As much as he’s ingratiated himself with Bush, Bloomberg still does things that rankle national Republicans. Ed Gillespie, the RNC chairman, objected to Bloomberg’s pick for head of the convention’s host committee—the person who’d run the city’s quasi-private convention fund-raising and planning operation. Gillespie wanted an unswervingly Republican apparatchik. Bloomberg insisted on Kevin Sheekey, a lifelong Democrat whose worldview was shaped by his mother, an executive director of Common Cause, and his mentor, the late Senator Daniel Patrick Moynihan.
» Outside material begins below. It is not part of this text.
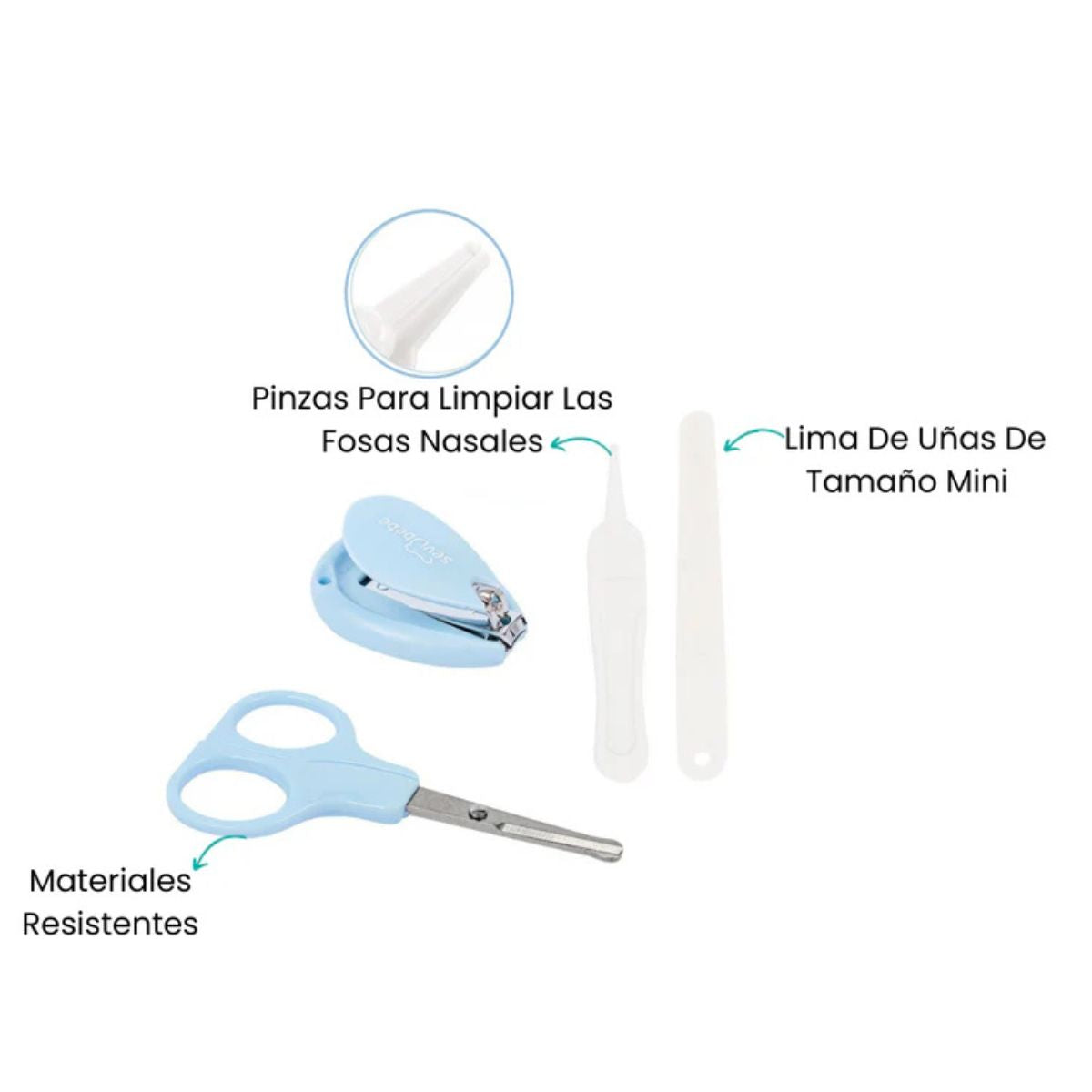 Cada herramienta del set de manicure Sevibebé ofrece un agarre cómodo para los padres y un uso delicado y seguro para los más pequeños. Su diseño práctico permite cortar y cuidar las uñas del bebé con total precisión, sin generar molestias. Además, es un set compacto y fácil de llevar, ideal para tener siempre a mano en casa, en la pañalera o durante los paseos. Una solución confiable y funcional para el cuidado diario de tu bebé.

Sheekey went to work for Bloomberg as a Washington lobbyist when the media billionaire was first considering running for mayor. “My wife is about as left-wing as you can get,” Sheekey says. “And she told me, ‘I’m not moving to New York if Bloomberg wins.’ I said, ‘Don’t worry, he won’t win.’ ” After Bloomberg’s victory—and the relocation of Mrs. Sheekey and the couple’s now-3-year-old twins to the Upper West Side—Sheekey became the point man in the city’s effort to land the conventions.

As Sheekey speed-walks across the temporary bridge over Eighth Avenue from Madison Square Garden to the post office, where the press will be bivouacked, he shouts to the convention’s operations manager to confirm the choice of carpet color leading to the media center (red, naturally). Sheekey has a large hand in constructing bigger symbolism as well. He’s helping to write Bloomberg’s speech welcoming the convention to New York. Even though the speech will be delivered at 10 a.m. on the convention’s first day, to a hall that’s likely to be at best half-filled and to network-TV cameras that are turned off, Bloomberg’s remarks will be keenly watched. Will the mayor take the opportunity to demand more federal money to defend the city? “Stay tuned,” Sheekey says with a teasing wink and a smile. “I can’t tell you what’s in the speech or you won’t come! But you’re headed in the right direction.”
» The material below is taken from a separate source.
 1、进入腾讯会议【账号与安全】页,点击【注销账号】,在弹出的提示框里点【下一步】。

Bloomberg himself seems determined to be anodyne. “I’m here as mayor, not to address national issues,” he says. “I’ll welcome everyone to New York, I’ll describe New York to them. I’ll talk about New York as a place to send your kids to get an education, for people to get great medical care, to come and have fun. I won’t be partisan.” And nothing about money to defend New York? “I make that case every day in Washington! These delegates aren’t making those decisions. Anyone who says that doesn’t understand the process or is being duplicitous.”
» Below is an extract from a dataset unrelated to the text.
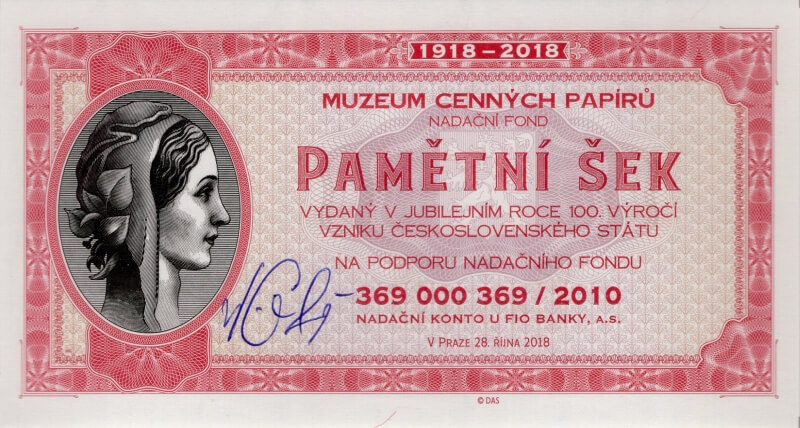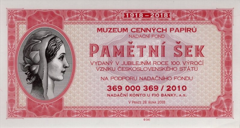 Číslo: Pamětní šek, bez číslovače, červený podklad, černý portrét

The president’s speech, of course, will be addressed to a full house at Madison Square Garden on Thursday night. It will be followed by the traditional final scene of nominating conventions: The post-acceptance-speech, raised-clasped-hands, heartwarming multiethnic tableau. President Bush will wave to the cheering throng of delegates, then be joined by his closest soul mates—Laura Bush, Jenna and Barbara, Dick Cheney. Celebrities, adorable small children, and Republicans like Pataki and Giuliani will gradually join the happy scene.

But one key character won’t be among them—one last reminder of the delicate straddle he’s trying to maintain. “Mayor Bloomberg will be in the hall,” Kevin Sheekey says. “But he won’t be onstage.”